Gazete “güvenilir bilgilerini” kaynak gösterdiği haberinde Türk tarafının Nuffel’e, kendisiyle Kıbrıs sorununun bütün yönlerini değil sadece AB’yle ilgili konuları görüşeceğini söylediğini ve Komisyon Başkanı’nın özel temsilcisine, AB başlığına teknik destek verebileceğine ve AB’nin bazı güven yaratıcı önlemlere yardımcı olabileceğine işaret ettiğini kaydetti.

“BM GENEL SEKRETRİ DE AB’NİN ROLÜNÜN YÜKSELTİLMESİNİ KABUL ETMİŞKEN BU GELİŞME ÇOK OLUMSUZ”

Avrupa Komisyonu’nun Kıbrıs sorununa müdahil olmak için her iki tarafın da rızasını şart koştuğunu hatırlatarak BM Genel Sekreteri Ban Ki Moon, çözümün AB müktesebatıyla uyumunu denetlemek için AB’nin rolünün yükseltilmesini kabul etmişken bu gelişmenin “çok olumsuz” nitelendirildiğini belirten gazete şunları yazdı:

“Çözümün müktesebata uygunluğunu denetlemek için AB’nin müzakerelerdeki rolünün artırılması Lefkoşa’nın ileri götürdüğü bir tezdi.

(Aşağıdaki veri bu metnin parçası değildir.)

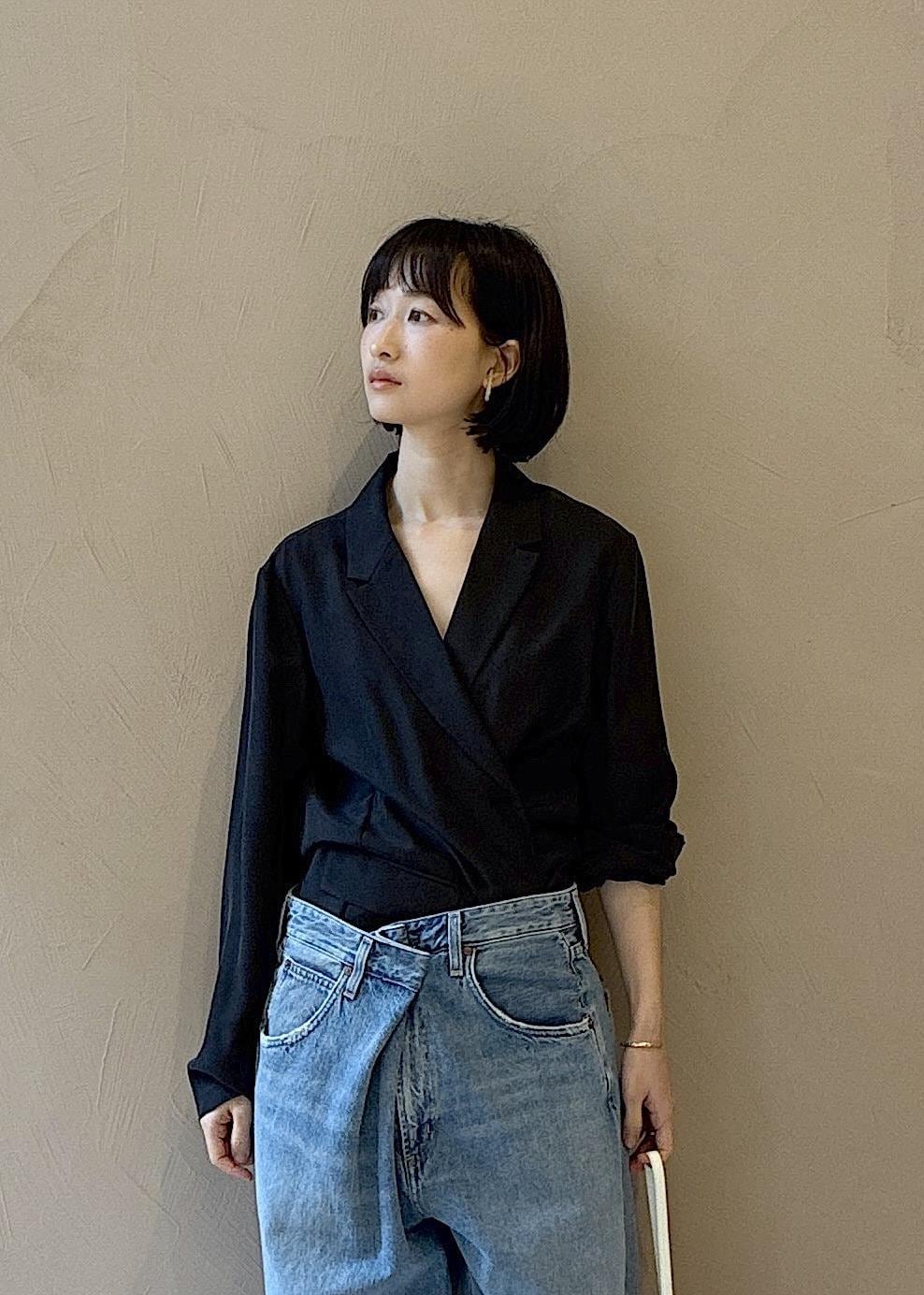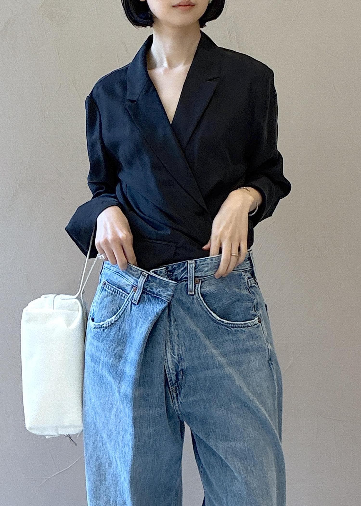 gentle silkのジャケットにAGOLDEのデニムを合わせました。
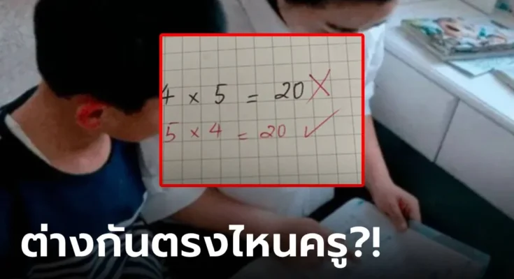 พ่อวีนฉ่ำ ลูกคิดเลข 4×5=20 ครูตรวจว่าผิด เห็นเฉลยคำตอบ 4×5=20 ยิ่งฉุน งงต่างกันตรงไหน แต่ฟังครูอธิบายคำเดียว ยอมรับเป็นตัวเองที่คิดผิด โจทย์คณิตศาสตร์ในบทเรียนของเด็กนักเรียนในปัจจุบัน หลายข้อต้องใช้สมองคิดวิเคราะห์อย่างหนัก แม้กระทั่งผู้ใหญ่ยังเรียกได้ว่าแทบ “สมองระเบิด” เมื่อช่วยลูกๆ แก้โจทย์การบ้าน และมีหลายครั้งที่กลายมาเป็นประเด็นถกเถียงกันไม่จบสิ้น ทั้งความไม่ชัดเจนของคำถาม วิธีคิดคำนวนที่แตกต่างกัน หรือแม้แต่ข้องใจว่าคุณครูอาจจะตรวจผิดพลาด

Edinilen bilgiler, Türk tarafının reddinden sonra, Komisyon Başkanı Jose Manouel Barroso’nun Ankara nezdinde girişimde bulunmasının ihtimal dışı olmadığı yolunda. Barroso, veda ziyaretleri çerçevesinde Haziran ayında Kıbrıs’a gelmeyi planlıyor, gündeminde de AB’nin Kıbrıs sorununa katkısı bulunuyor.

Türk tarafı Avrupalı yetkililerle temaslarında şu konuyu ısrarla gündeme getiriyor: Kıbrıs sorununda varılacak herhangi bir anlaşma birincil hukuk olsun. Öğrendiğimize göre Türklerin hedefi, üzerinde mutabakata varılacak AB müktesebatından bazı sapmaların ilânihaye devam etmesini güvence altına almaktır.

Avrupalı yetkililer muhataplarına, evet, çözüm çerçevesinde müktesebattan sapmalar olabilir diyorlar ancak bunların geçici olabileceğini vurguluyorlar. Anlaşma maddelerinin AB müktesebatıyla uyumu Pieter Van Nuffel’in sorumluluğuydu ancak Türkler istemiyor.”